Last month, the COP26 President and Conservative cabinet minister Alok Sharma set out his four priorities for this year’s United Nations Climate Summit.
Writing in the Guardian, Sharma spoke of the need to ‘take action today’, finishing with a rallying call to turn ‘ambition into action’, because this is ‘our last chance – and we must take it.’
Sharma is right. According to the 2018 IPCC report on climate change, humanity has twelve years to take action – this is our last decade to avert catastrophe, and since global CO2 emissions continue to rise, action must begin at COP26.
As co-hosts, Britain could break up the decades of missed targets and get us back on track with net-zero emissions, limiting the global rise in temperature to 1.5°C and curbing the worst effects of climate crisis.

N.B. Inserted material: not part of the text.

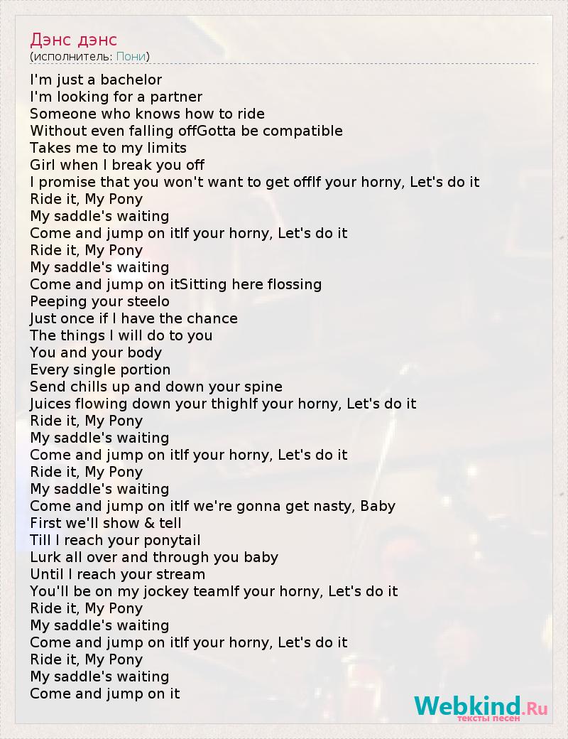 I'm just a bachelor I'm looking for a partner Someone who knows how to ride Without even falling offGotta be compatible Takes me to my limits Girl when I break you off I promise that you won't want to get offIf your horny, Let's do it Ride it, My Pony My saddle's waiting Come and jump on itIf your horny, Let's do it Ride it, My Pony My saddle's waiting Come and jump on itSitting here flossing Peeping your steelo Just once if I have the chance The things I will do to you You and your body Every single portion Send chills up and down your spine Juices flowing down your thighIf your horny, Let's do it Ride it, My Pony My saddle's waiting Come and jump on itIf your horny, Let's do it Ride it, My Pony My saddle's waiting Come and jump on itIf we're gonna get nasty, Baby First we'll show & tell Till I reach your ponytail Lurk all over and through you baby Until I reach your stream You'll be on my jockey teamIf your horny, Let's do it Ride it, My Pony My saddle's waiting Come and jump on itIf your horny, Let's do it Ride it, My Pony My saddle's waiting Come and jump on it

But that’s about all Sharma got right. If the government’s track record on the climate are anything to go by, there is a very dangerous possibility that this summit will be more of the same – half-hearted targets, broken promises, undemocratic decision-making, and unjust outcomes.

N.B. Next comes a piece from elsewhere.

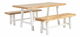 Tato zahradní souprava, vyrobená z kvalitního akáciového dřeva, které se snadno udržuje, je ideální pro trávení volného času venku. Nábytek je odolný vůči dlouhodobému slunečnímu záření, stejně jako nízkým teplotám. Přírodní barvu dřeva podtrhují nohy v klasické bílé barvě. Vychutnejte si paprsky slunce s touto mimořádně pohodlnou sadou na terasu, která se díky svému designu s čistými liniemi hodí do jakéhokoli vnějšího prostředí.

It’s down to climate activists and the labour movement to ensure this isn’t the case. Historically, COP conferences have provided a focal point for climate movements. COP26 must build on and go beyond this.
We live in a different world than that which existed during the last talks. Re-energised by the youth strikes for climate, Extinction Rebellion, and the campaign for a socialist Green New Deal, our climate movement is much stronger.
We’re also in the midst of another global crisis—the Covid-19 pandemic—which has demonstrated the painful realities of government inaction to billions of people.
In this time of crisis, we can and must use COP26 as an opportunity to push for a transformative, accountable, democratic and just response to the climate emergency.
As much as this summit is about setting decarbonisation targets and deciding how to finance the transition, COP26 is also our opportunity to present a vision of a fair and just society after the pandemic.
As well as rapidly phasing out fossil fuels and massively investing in renewable energies to actually ‘build back better’, we must break with the system that has wreaked havoc on people and the planet and build anew.
In the same way, COP26 will also be the first major opportunity for world leaders—and the fossil fuel companies who support them—to advocate a return to the old normal. Without strong opposition, we will see that ‘build back better’ will only ever mean carrying on as before, and we must absolutely refuse this reversion as a real solution.
We must also use this summit as an opportunity to call out government inaction and hypocrisy on a global stage, ensuring that all decisions made and targets set are accountable to the people.
Left to their own devices, the Tories will likely turn COP26 into another PR stunt – an opportunity to talk up their climate credentials, brandish their ‘build back greener’ slogans, and continue to do the opposite.
We cannot let this happen. Every politician, billionaire, fossil fuel funder, and climate denier who impedes our transition to a just and fairer future, and every company that fails to take action, must face consequences.
For this to work, COP26 must also be truly democratic. Rather than let the summit become another talking shop of world leaders and billionaires who let big polluters off the hook, we need working-class solutions, led by the ordinary people and their institutions who feel the effects of climate crisis the hardest.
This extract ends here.